The Fight Against

Just a few weeks ago, my family received news that impacted us like no new has before: cancer had entered our immediate family. On November 27th I received the call that my mom had been diagnosed with breast cancer.

Now, I have known other families who have had this tragic news called into their lives, but it is still hard to imagine that it has been brought into my family. I cannot fully remember what I felt in the moment I was told…I remember being in absolute shock and feeling numb that it had happened. In fact, I got into my car and drove the hour and a half straight home to see my mom. We spent some time talking and praying together, with some tears mixed in throughout.

In our desperation and despair, my mom and I did what we knew to be right, although difficult: we turned it over to God. We could sit around forever asking why and trying to blame God for allow this to happen, but what would this accomplish?? When sin entered our world, death and disease entered into humanity, and this cancer is a clear and physical example of this sin and evil. Rather, after my mom and I allowed ourselves a few minutes of pity, we turned it all over to God.

You see, I have total and complete faith that in some way God will use this as a way to bring glory to His name, as well as bring my family closer together. I do not know why this has been brought against my family, and I have prayed to God to not allow me to enter into asking why, for I know that will lead to no good. Instead, I have prayed to Him to give my mom the strength to get through this and to bring people along side her to help her get through this. But more importantly, I have prayed for His will to be done and His plan accomplished.

I pray over this situation every day, and if you feel inclined I welcome your prayers as well. My family is gearing up to face the biggest hurtle we have ever faced together; I know that through the strength that God provides, we will prevail in this fight. We are entering into a period of doctor appointments, referrals , consultations and information gathering as we prepare for the first surgery.

Please join my family in praying over this time. There are so many aspects to something like this to pray for, in addition to God being glorified in some way through this process. Prayers for the doctors, the safety of the surgery  and that the cancer has not spread beyond the lump that was found. God is a miraculous healer, He has shown this time and time again, and I ask now for Him to step in so we can first hand see His power at work.

I seek to surrender this all to God…

He is our Healer…nothing is impossible through Him…

Psalm 23

Thank you for your prayers during this time. 

Hold My Heart

At different points in my life I find myself connecting with different music, I am sure you know the feeling and have experienced it for yourself.

This song came on my shuffled music this morning.

I know God brought it to my ears as it totally sums up what I have been thinking….

The best news of all? God is close and He does hear us! He has a plan for us, He has never left us…no matter how small you may feel, God is there.

Switch Flipped…Burden Cut

So if it is okay with you, I would like to tell you a little bit about this weekend, but not in the traditional sense…Yes, I had an awesome weekend. I worked a concert, saw a great new movie and experienced a Seattle sporting victory-all while having a blast with various friends….but the weekend was so much more than that! It is so hard to put into words, but I am going to give it my best shot, bear with me.

When I got home late Sunday evening, I felt, well…different- but in a very good way, I assure you!

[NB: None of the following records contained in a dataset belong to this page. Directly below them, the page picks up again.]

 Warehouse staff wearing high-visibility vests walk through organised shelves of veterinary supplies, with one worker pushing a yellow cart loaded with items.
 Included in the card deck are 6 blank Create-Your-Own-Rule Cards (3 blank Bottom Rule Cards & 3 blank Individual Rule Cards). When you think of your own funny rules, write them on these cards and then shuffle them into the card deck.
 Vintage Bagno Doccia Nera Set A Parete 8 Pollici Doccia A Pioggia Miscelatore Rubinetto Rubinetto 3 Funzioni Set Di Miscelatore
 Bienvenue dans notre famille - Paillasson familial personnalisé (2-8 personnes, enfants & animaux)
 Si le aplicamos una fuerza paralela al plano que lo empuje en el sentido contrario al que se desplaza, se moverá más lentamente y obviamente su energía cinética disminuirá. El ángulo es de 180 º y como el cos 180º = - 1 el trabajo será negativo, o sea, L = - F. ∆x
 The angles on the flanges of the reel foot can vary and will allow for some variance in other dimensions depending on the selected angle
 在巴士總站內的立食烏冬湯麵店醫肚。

Through everything that had happened over the weekend I felt like God had reached inside me and flipped a switch. It was as though so much of what I have been carrying around had fallen away. I have internalized various feelings, thoughts and emotions that are now gone. To be honest, I felt like Christian in Pilgrims Progress, when he stands at “the place of deliverance.” Essentially, he comes to cross and when the shadow passes over him, the straps of his burden break, and the burden rolls away.

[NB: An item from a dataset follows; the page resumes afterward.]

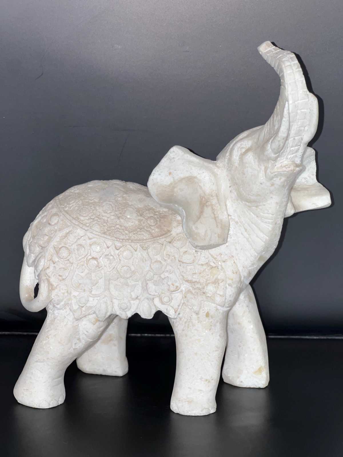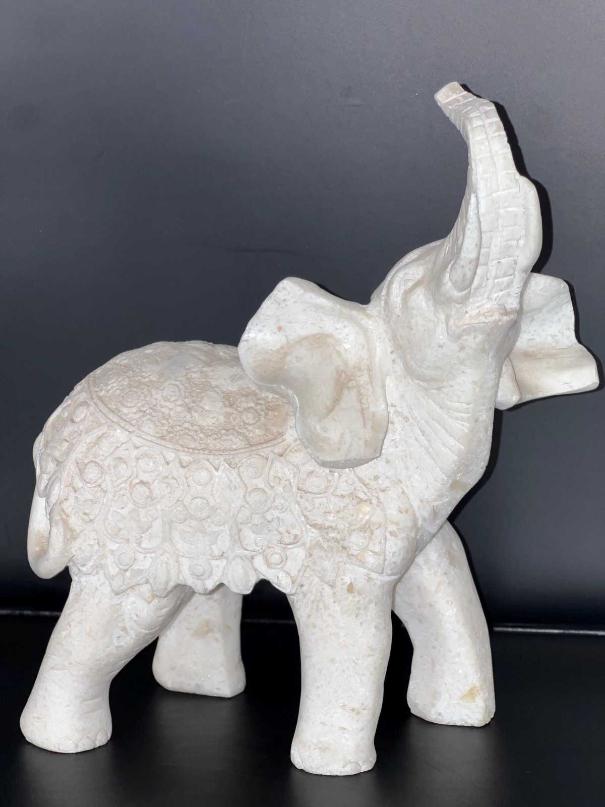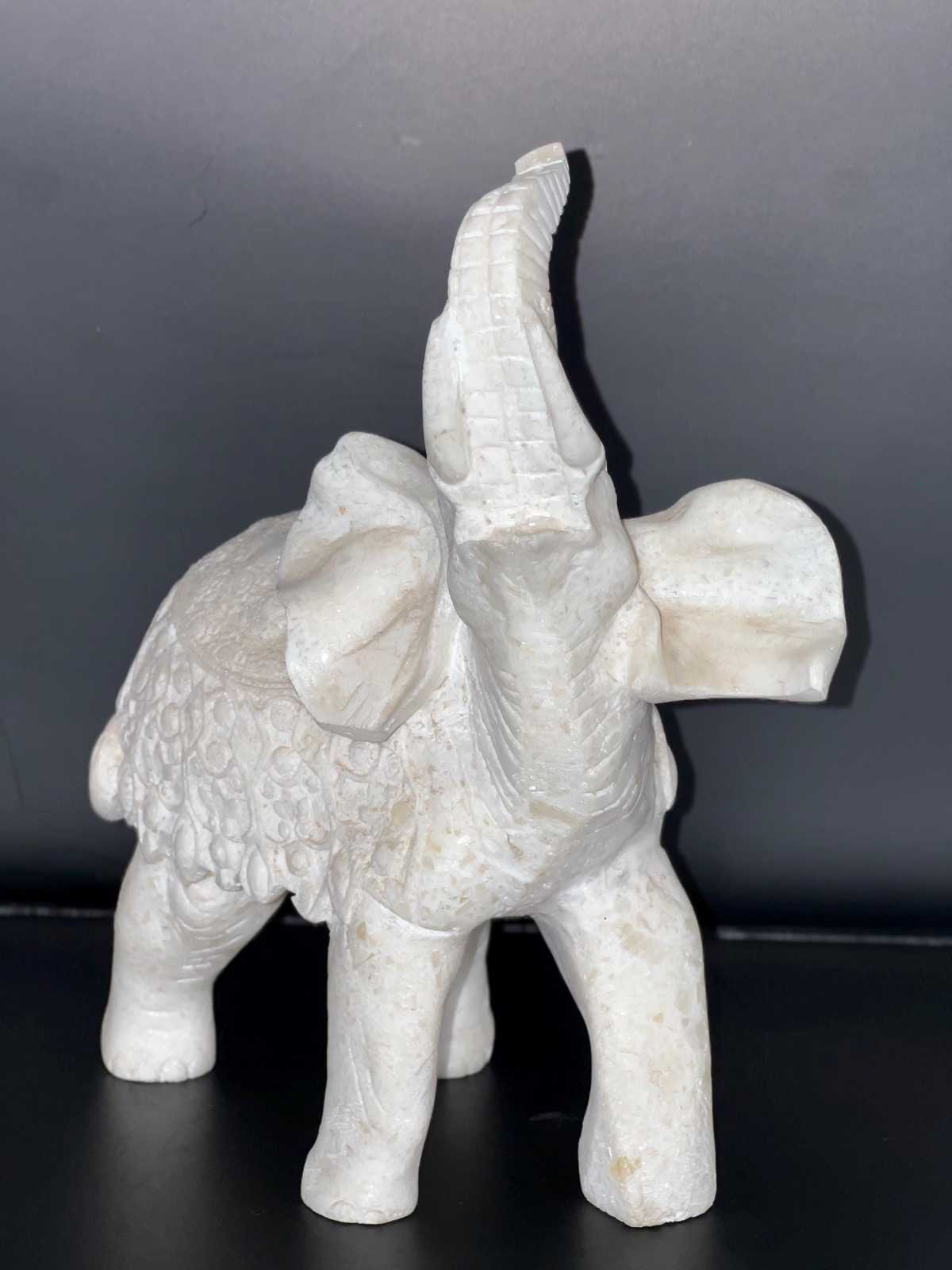 - White Marble Carved bust of Indian Elephant, Handmade marble Elephant figurine,

This is really the best way I can try to describe the feeling: it is like my burden has fallen completely away…it is like God reached down and cut it free. As I mentioned above, it is also like a switch inside me has been flipped. I feel my hope in the future restored and my sights completely realigned on Christ and the path He has set before me. Now I am not saying that I was not focused on Christ before, but now I feel it alive inside of me. I have true hope and joy for the future and have been able to let go of so much.

The saying goes “time heals all wounds” but I raise a counter “God heals all wounds…in His time.” Sometimes it takes longer than others, but for the first time in a while, I feel healed of so much. I felt God speaking to me last night, and I now see that I am where He wants me to be in this moment. He healed me in His timing, not mine. He truly does make all things work together for my good.

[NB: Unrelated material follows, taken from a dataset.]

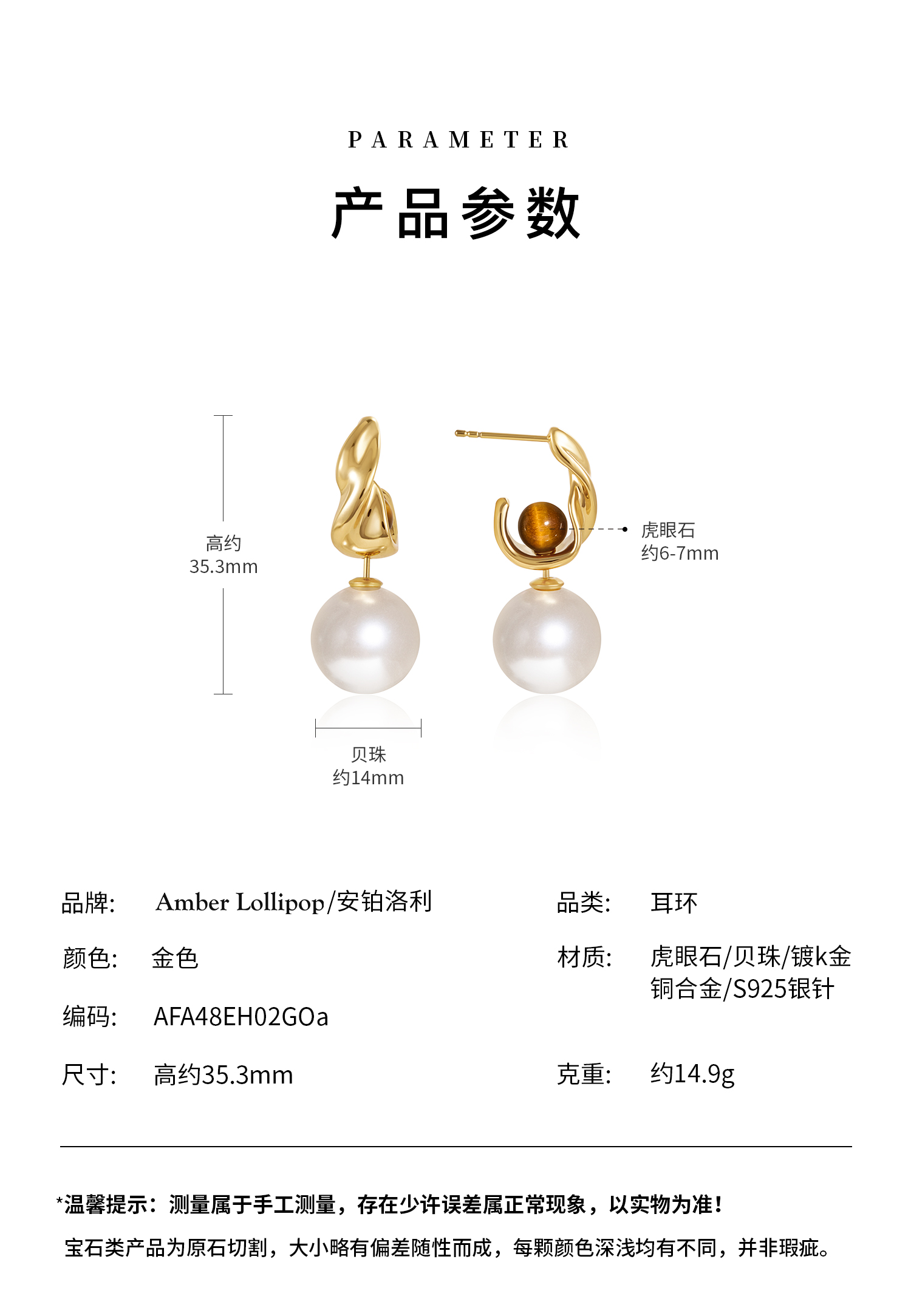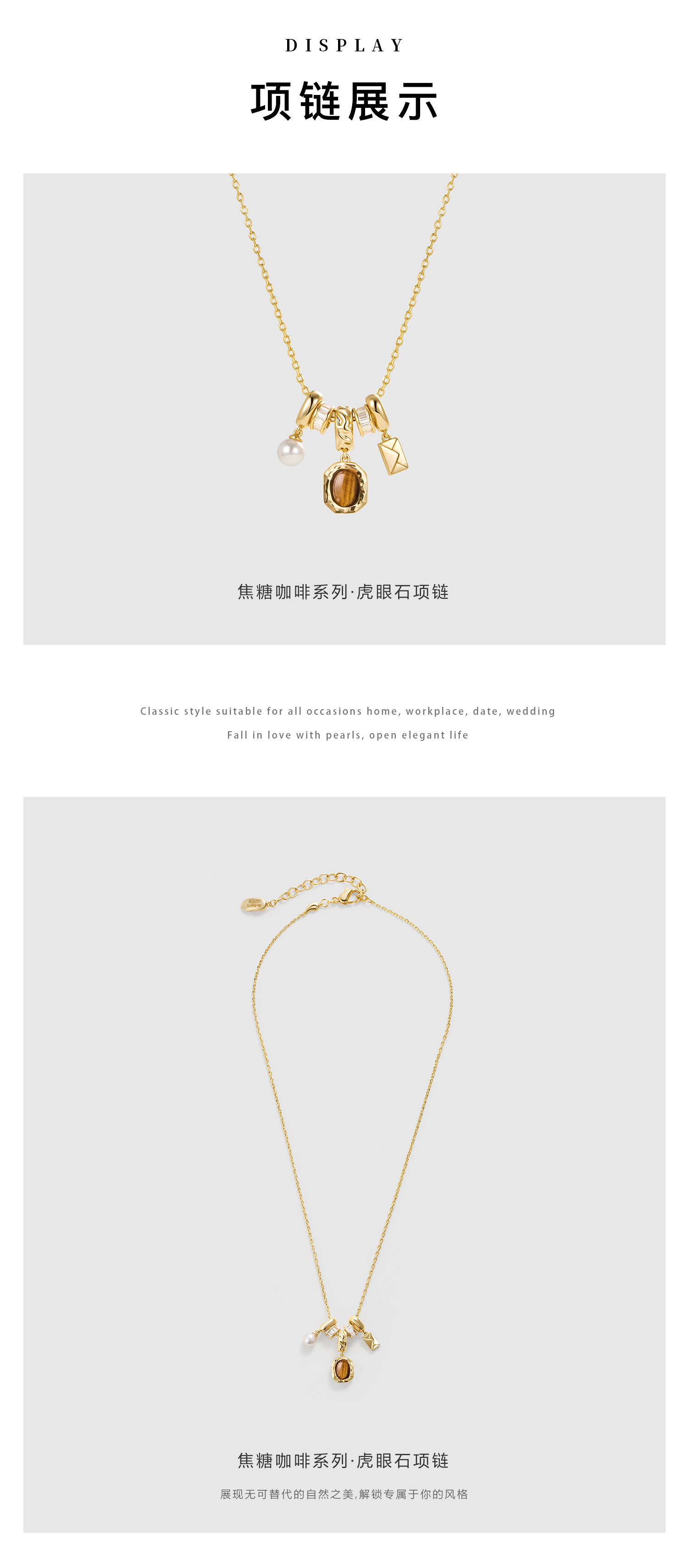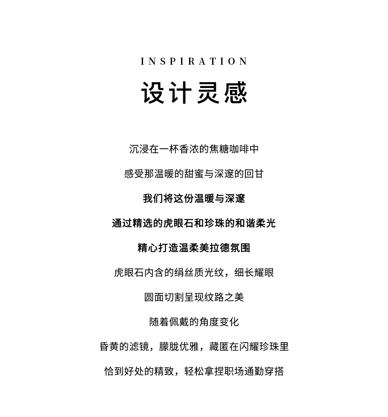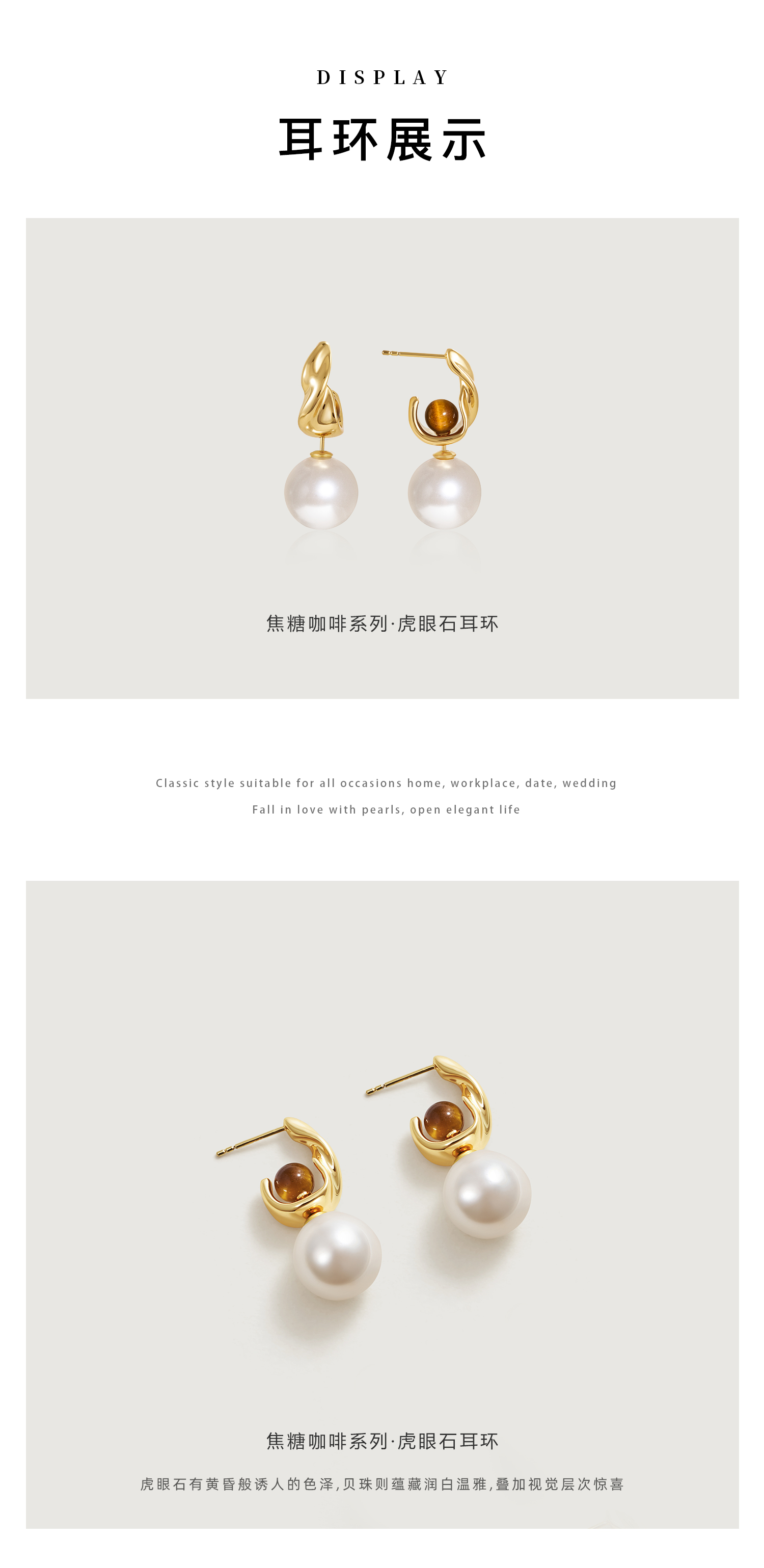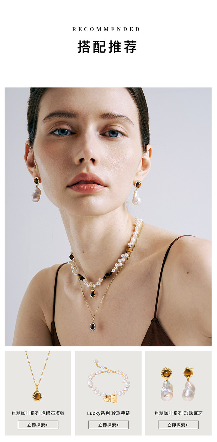 “明星同款 圣诞节礼物”安铂洛利 焦糖咖啡系列 蛇形虎眼石开口戒指/虎眼石贝珠耳钉/珍珠吊坠项链

I may not be totally sure what the future will hold, but I am confident in the plans the Lord has…all He asks is for me to be obedient and to trust and hope in Him…and I do! This weekend was good in so many ways (look out for another post to come soon!!) but for this I am the most thankful. Through the experiences and friends of the weekend, I truly felt God move and act…how great of a feeling is that!

What do you need to turn over to God and give Him a chance to completely heal? I promise you, the outcome will surprise you!